You have made some really good points also it is wonderful that you donate with such generosity and thought.

Olivia I do find it odd that no research has gone into this area of payment yet and if it does it should be done by a non biased agency as unfortunately alot of surveys are sometimes skewed by the objectives of the commissioning agents.


----------



## olivia m

You are right BoW, really objective research is hard to find.  For some reason academic departments seem to have a difficult time finding money to research in the area of donor assisted reproduction, and particularly around donors.  Maybe Eric Blyth would have some comment about this?
Olivia


----------



## olivia m

Just in case anyone is interested, my daughter does think £500 would be a financial inducement for a student, but she also says that as long as there is good counselling prior to donation and the donor is committed to being available to any child conceived from age 18, then the money is not an issue.  She always bangs on about, 'it's all to do with how the child is raised...if the parents are OK about what they have done and they talk about it from early on, then the child should be fine'.  She then often goes on to say, slightly more controversially, 'and if they're not fine, then they've just got to get on with life and get over it'.  Just one opinion.
Olivia


----------



## bottleofwater

Hi Olivia

I agree with your daughter  how the child is raised and told is by far the most important point. I have to say £500 would not have been an inducement for me when I was a student as it so easy to make that money doing bar work etc, with alot less hassle. Anyway she seems very smart your daughter.


----------



## A.T.C.C

I think that if a child grows up with the knowledge that they are adopted or their siblings have different dads etc then there isnt suc a big shock as there would be if they were told at an older age.
My brother and sister were from my moms first marraige but my dad bought them up as his own. I can never remember being told that they we had different dads it was just the case that ive always known so it was never an issue. I just accepted it as it was. Also my siblings always knew where their biological dad was but he never had anything to do with them and didnt want to know but they never chose to contact him.

As for the comment about the £500 .. well thats my point.. it is a lot to go through just for £500 so i really dont think people would donate for the money but it would be a nice gesture for genuine donors to recieve it for what they do.


----------



## LiziBee

Thank you to Eric for the (very interesting) article.

I went to a very sporty university and lots of lads there became donors to get 'beer money' , I was always agreeved that egg donors didn't (at that time) even get expenses, so it really wasn't worth my while but if someone had offered me £500 I'd have happily jumped in. 

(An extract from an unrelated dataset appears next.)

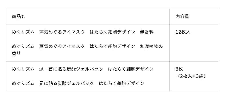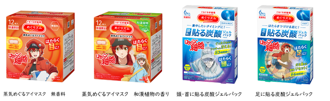 今春、この人気のある『はたらく細胞』と「めぐりズム」がコラボレーションした商品を発売します。新生活が始まる4月は、環境の変化や緊張が重なり、知らず知らずのうちに疲れがたまりやすい季節です。私たちのからだの中で日々奮闘する細胞たちのように、目・頭・足などの“はたらく部位”も毎日休まず働き続けています。本コラボ商品は、そんながんばる部位に寄り添い、じんわり心地よい使用感で気分までときほぐすことで、心地よさがめぐるひとときをお届けします。

But that's just my opinion. The point I wanted to make was payment or not what we need is a strong advertising campaign and even more importantly support for the families the treatment creates so that they feel confident in explaining their genetic origins right from the start.

Also I am furious at the BMA for bringing this issue up again, it is (further) muddying the waters of some very important debates and may result in other amendment which may not be in our, or our children's best interests.

Lizi.x


----------



## brownowl23

my donor donated for around £300, thats what they get paid in SA, but to them its probably the equivelant of about £500.


----------



## roze

I accept that to revert to total anonymity at this stage will make the situation for some donor conceived adults totally unacceptable. However I am still not convinced that in itself ,' the choice' to 'know' the donor is such a fantastic deal. 
I am not aware that this legislation renders the donor responsible for meeting the dc adult, or even being nice to them. I know of some adopted people in this country who have traced their birth parent and have been totally rejected by them. People talk so much these days about ' rights ' and choice. Do we really need so much ' choice'?  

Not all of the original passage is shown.